EUROPEAN Central Bank (ECB) President Mario Draghi has moved closer to launching sovereign debt purchases and data this week will show just how dangerously low inflation has fallen in the US$13 trillion eurozone economy.
A sickly Europe has held back global economic growth for years, and now it is contributing significantly to powerful forces already dragging down inflation across the globe.
A spectacular drop in crude oil prices over the past month will be the center of discussion when ministers from the world’s top oil exporters meet in Vienna on Friday.
The key question there is whether Saudi Arabia, which signaled last month it was comfortable with lower oil prices, accelerating a plunge in the price of crude to a third since June, will stick to that view.

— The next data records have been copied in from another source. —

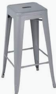
Ikon Bar Stool Silver Stock Code: 792S h 760 | w 430 | d 430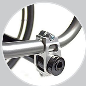
Adjustable centre of gravity (integrated available)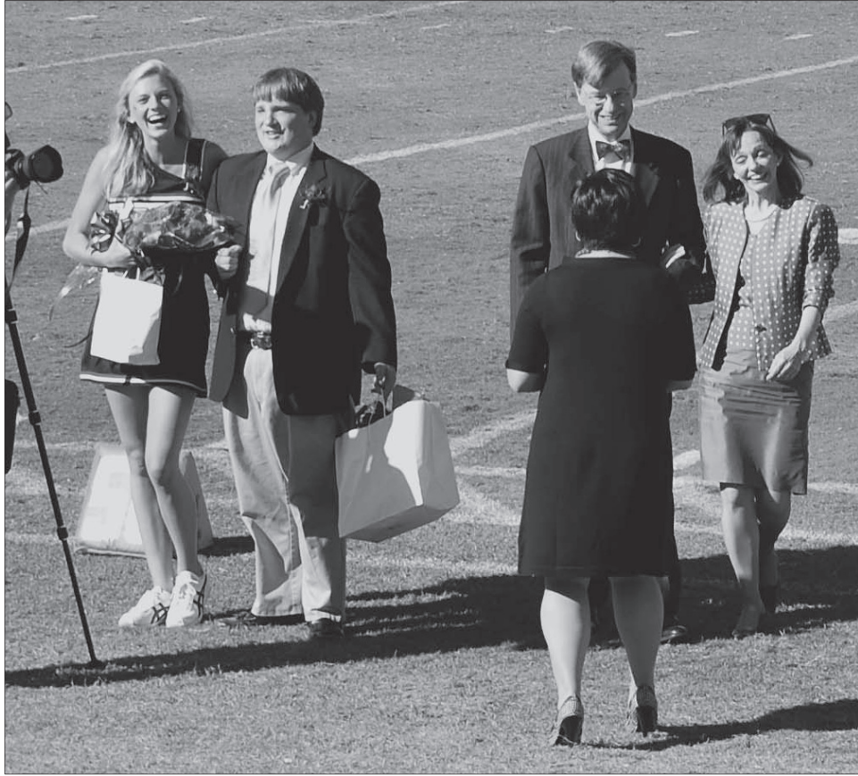
Gwen Weil/The Sou'wester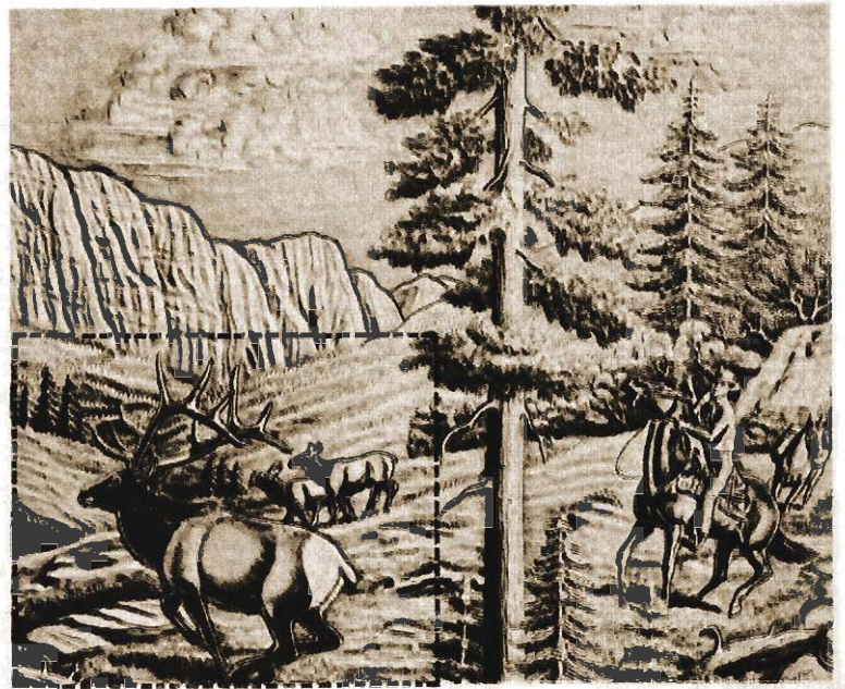
CARVING A LARGE SCENE By Christine Stanley

No. 3. Lesson number three will cover figure carving in some detail. The bull elk is the prominent subject, although the technique will apply generally to much of the scene in this section. The F895 beveler is used to outline and to form the muscle detail. The large F896 beveler is used in much of the same area as the F895. The F896 will produce a matting effect after using the F895. Where hair detail is necessary on the body of the elk — as on such areas as the neck and the coarse hair on the belly and flank — the F902 pointed beveler is used. The F917 is used for the hair detail on the bulky part of the body, by striking lightly and following the normal hair pattern of the animal.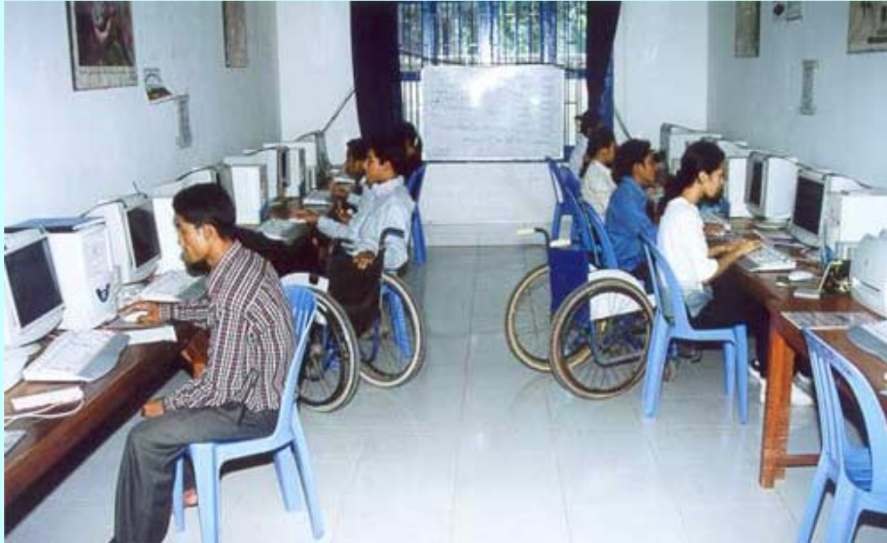
Maryknoll Wat Than Training Centre, Cambodia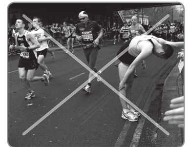
4 ..... You can do it!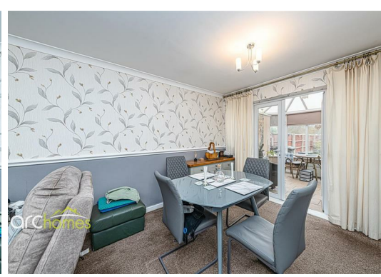
30 Bolton Old Road, Atherton, M46 9DL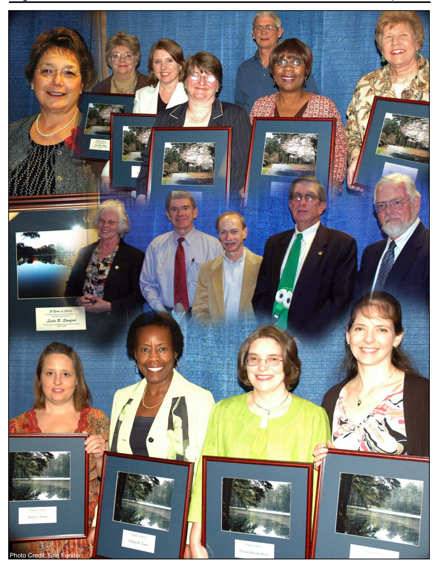
2008 Service Awards Recipients

But rapidly-increasing U.S. oil production, coinciding with shaky demand from China and Europe, is likely to keep a lid on the price no matter what the Organization of Petroleum Exporting Countries (OPEC) decides.
The latest Reuters poll suggests eurozone inflation relapsed to 0.3 percent in November, far from the ECB target of just below 2 percent.
“It is essential to bring back inflation to target and without delay,” Draghi said Friday.
“Monetary policy can and will do its part to achieve this. But it is also clear that, as monetary policy works on the demand side of the economy, other policies can assist in this process — or at least not counteract it.”
After many years of austerity, Draghi and others have come around to the idea of loosening fiscal policy to invest in infrastructure. But Germany, which could best afford it, is focused on balancing its books for the first time since 1969.
Despite years of zero interest rates across mature economies and trillions of dollars worth of emergency stimulus from central banks, alarm bells are ringing worldwide.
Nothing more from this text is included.